Imagine that you are a fly and you want to figure out how humans age. You don't have the time to just pick one specimen and wait it out: you need to work with what you see right now, and try to make sense of it somehow. This is the core problem of figuring out stellar evolution under human lifetimes.
The lives of stars progress very gradually, and most of the time we cannot detect the passage of time in these objects. A well-known exception to this rule is a supernova explosion, but the vast majority of stars do not experience this phase. Stars similar to the Sun end their lives much more quietly: they turn into red supergiants and then into planetary nebulae after a few billion years, and leave behind only a small white dwarf as a remnant.

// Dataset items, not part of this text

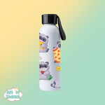 The water bottle is made of recycled aluminium with a white coating on the outside. Aluminium is a lot better for you and the environment than plastic water bottles. The cap is made of recycled plastic with a rubber band. The design on the water bottle is made with UV printing technology, which makes it water and UV proof.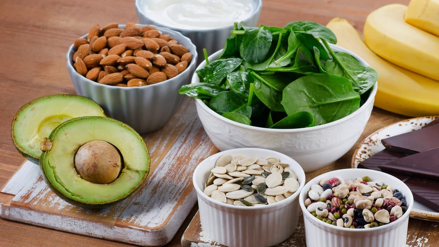 Magneesiumi puhul tuleks mõelda sellele, kas sööme piisavalt näiteks roheliste lehtedega aed- ja köögivilju või pähkleid, sest magneesiumit on enim just nendes toiduainetes. Samuti on heaks magneesiumiallikaks teraviljatooted, seemned, oad, tofu ning samuti tuunikala, lõhe, piimatooted ja vähilised.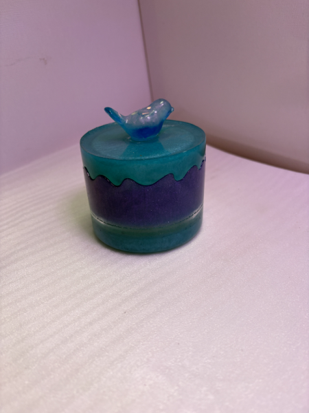 A hand poured resin trinket box in ocean blues and purples, topped with a whimsical bluebird. Perfect for holding tiny treasures - this piece brings a gentle pop of color and a touch of playfulness to any space.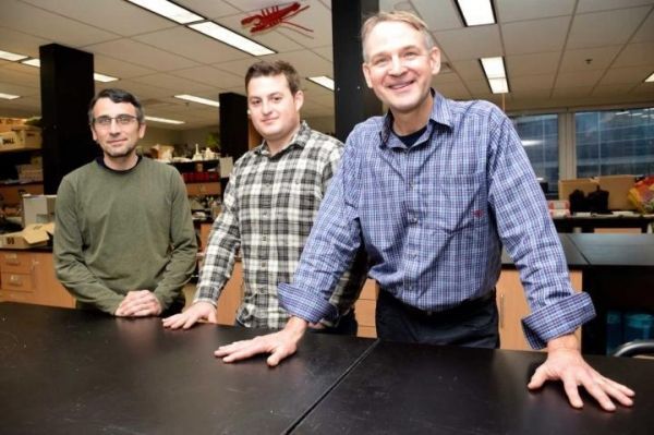Image: From left: Prof Frédéric Laberge, PhD student Caleb Axelrod and Prof. Beren Robinson (Credit: University of Guelph)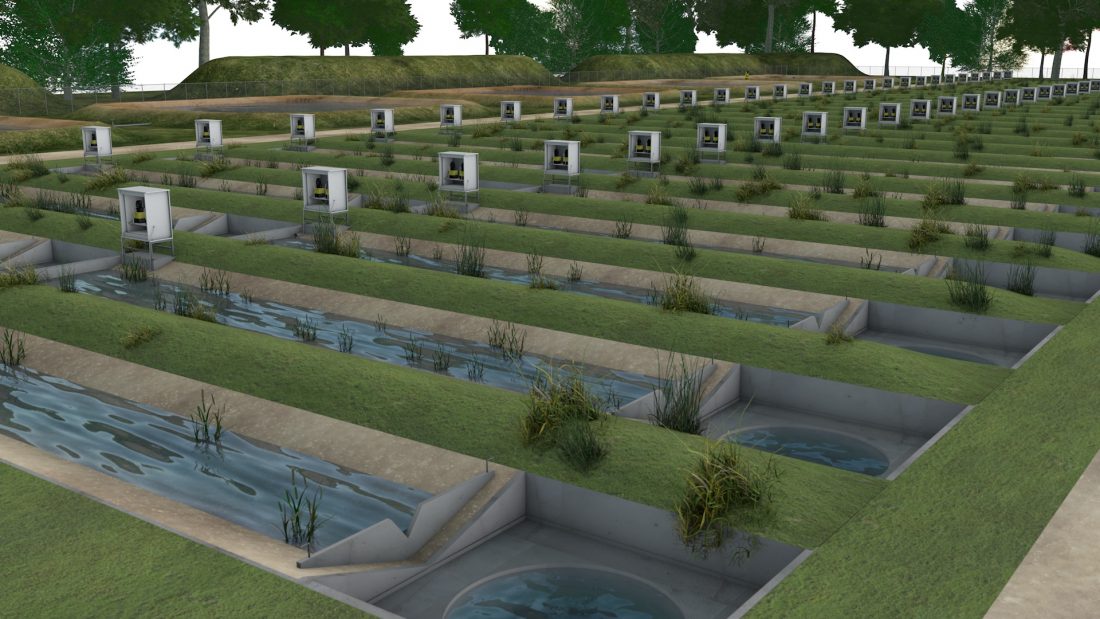 We are glad to be now working with Fera Science Limited on producing a 3D Animation detailing their new E-Flows Facility, the largest mesocosm in Europe. The project consisted of working with the plans to build a 3D environment of the site and all the different elements with in it such as the 60 flow streams, water ageing lagoons, water treatment facility and wetland area.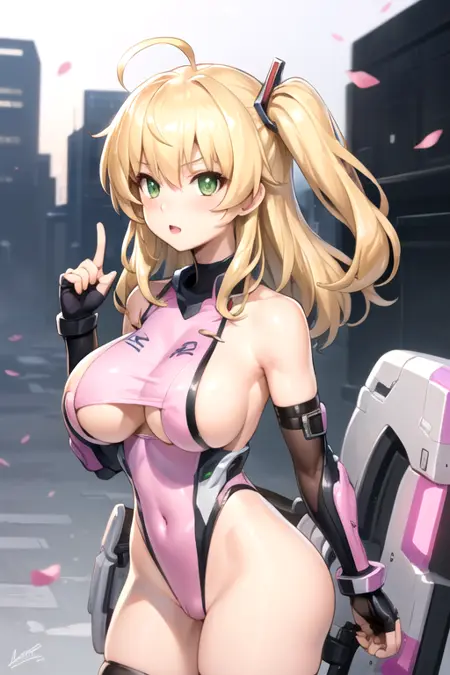 LilyHeavyMetal, 1girl, solo, long hair, blonde hair, large breasts, hair ornament, thighhighs, fingerless gloves, bare shoulders, green eyes, ahoge, side ponytail, pink leotard, sideboob, one side up,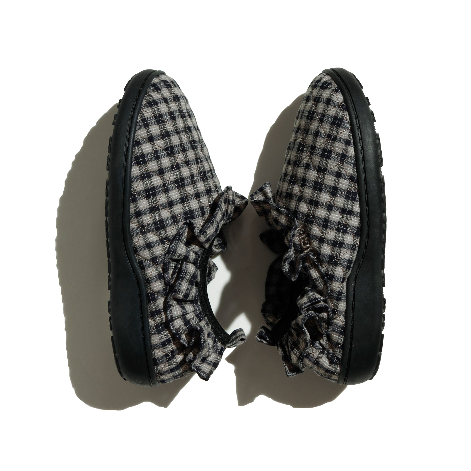 チェック柄のキルティング地にフリルを添えた、COYSEIOらしいノスタルジックな雰囲気を放つ「FLUFF CHECK PADDING SHOES」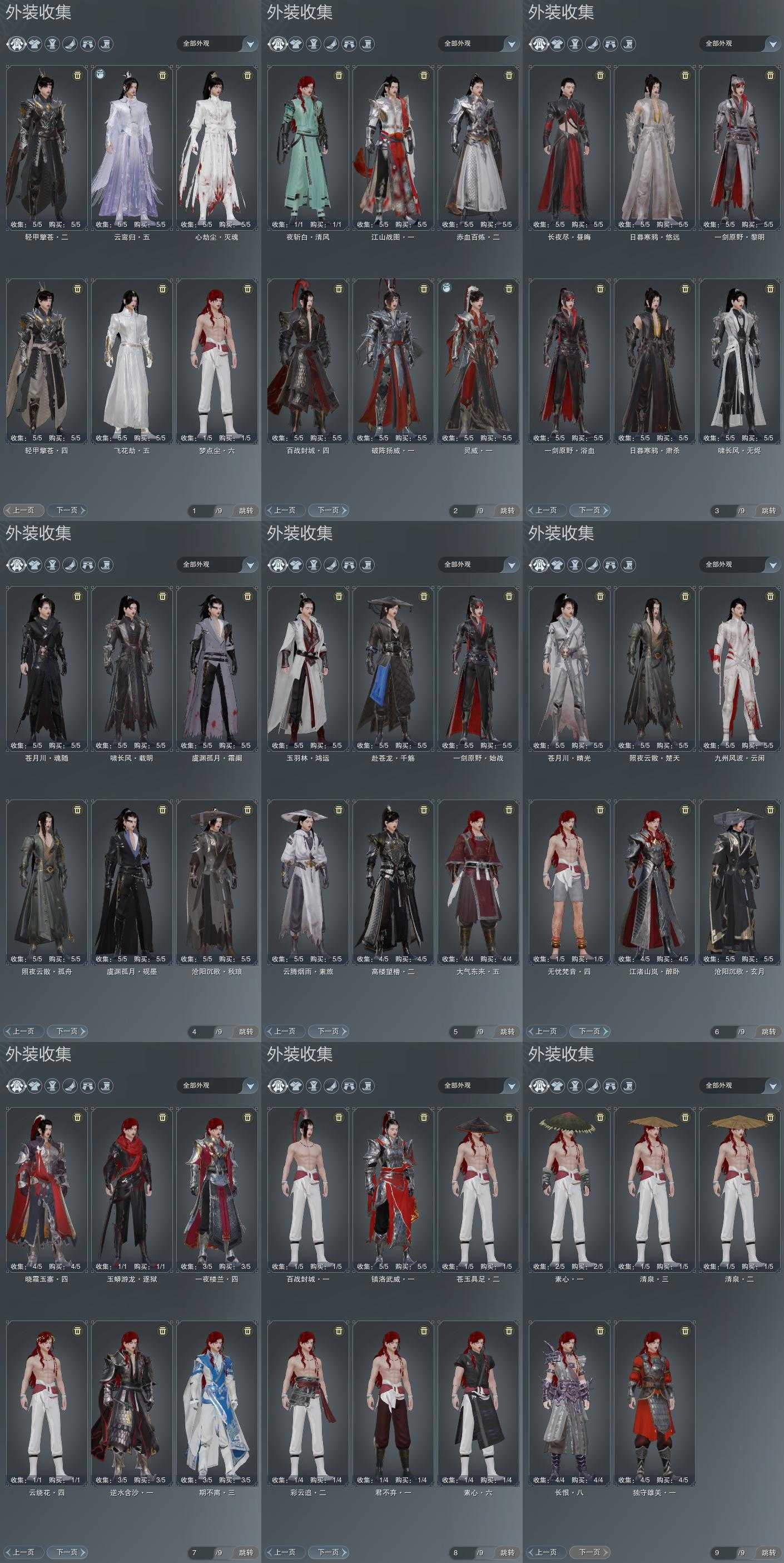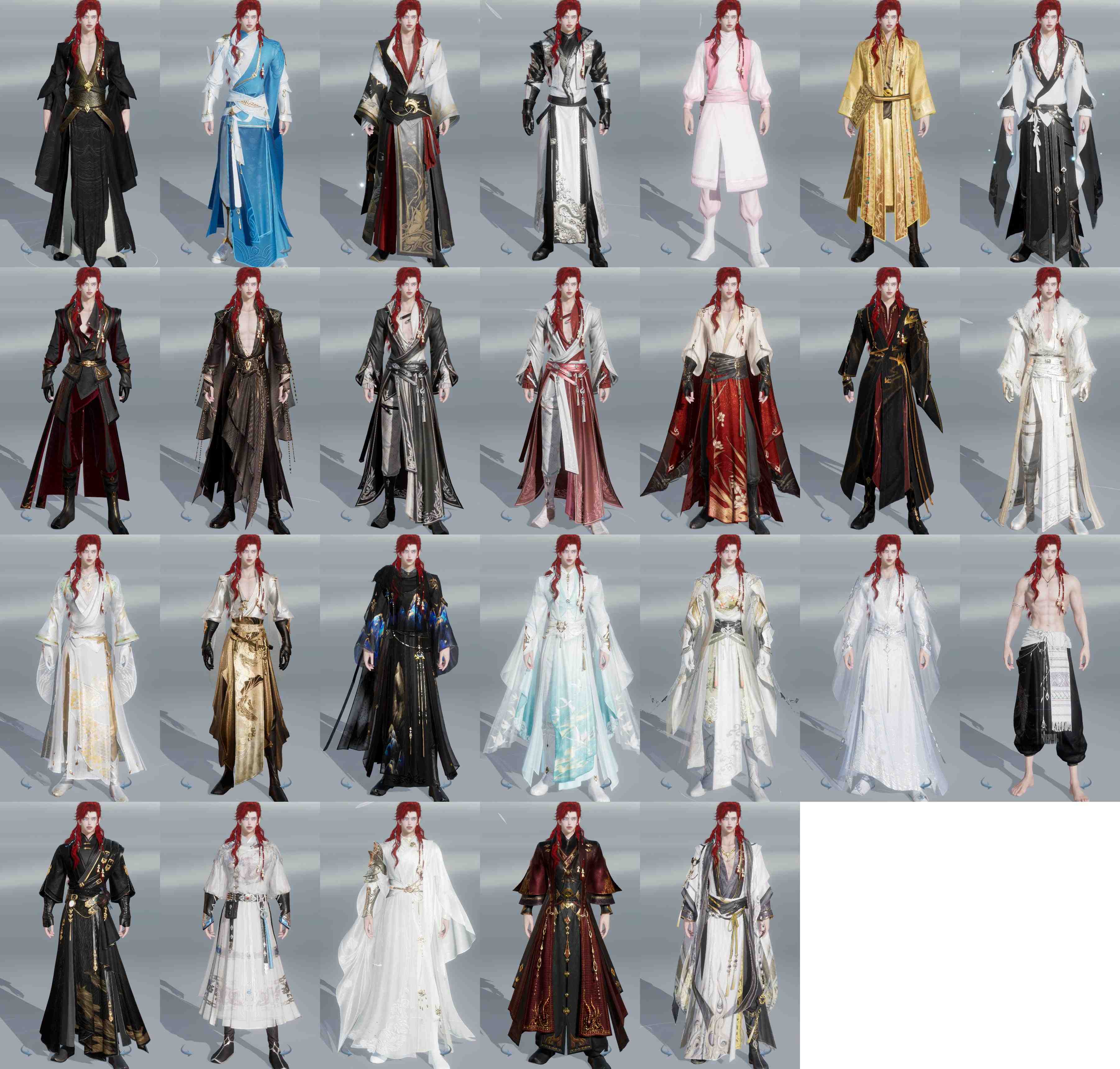 限时限量:[霆螭玄苍, 黑红西风, 烟花套, 十二周年工作服, 客行逍遥夜影, 客行逍遥撷英, 小红龙衣, 十三周年成衣, 万川青绿黛瑾, 十四周年工作服, 云闲归鹤]

Astronomers have pieced together evidence of this sequence by observing millions of stars, each with different age and mass, and by calculating "typical," or average, behavior using stellar models. However, it is difficult to find direct evidence that any particular star follows this path.
Researchers at the Konkoly Observatory of the Hungarian Academy of Sciences, Dr. László Molnár and Dr. László Kiss, and their international collaborator, Dr. Meridith Joyce, at the Australian National University, have now succeeded at uncovering direct evidence of this evolution thanks to a brief window of opportunity at the end of the lives of smaller stars. ...
Stellar Evolution in Real Time: Models Consistent with the Direct Observation
of a Thermal Pulse in T Ursae Minoris ~ László Molnár, Meridith Joyce, László Kiss
- Astrophysical Journal 879(1):62 (2019 Jul 01) 10.3847/1538-4357/ab22a5
- arXiv.org > astro-ph > arXiv:1905.00597 > 02 May 2019 (v1), 04 Jun 2019 (v2)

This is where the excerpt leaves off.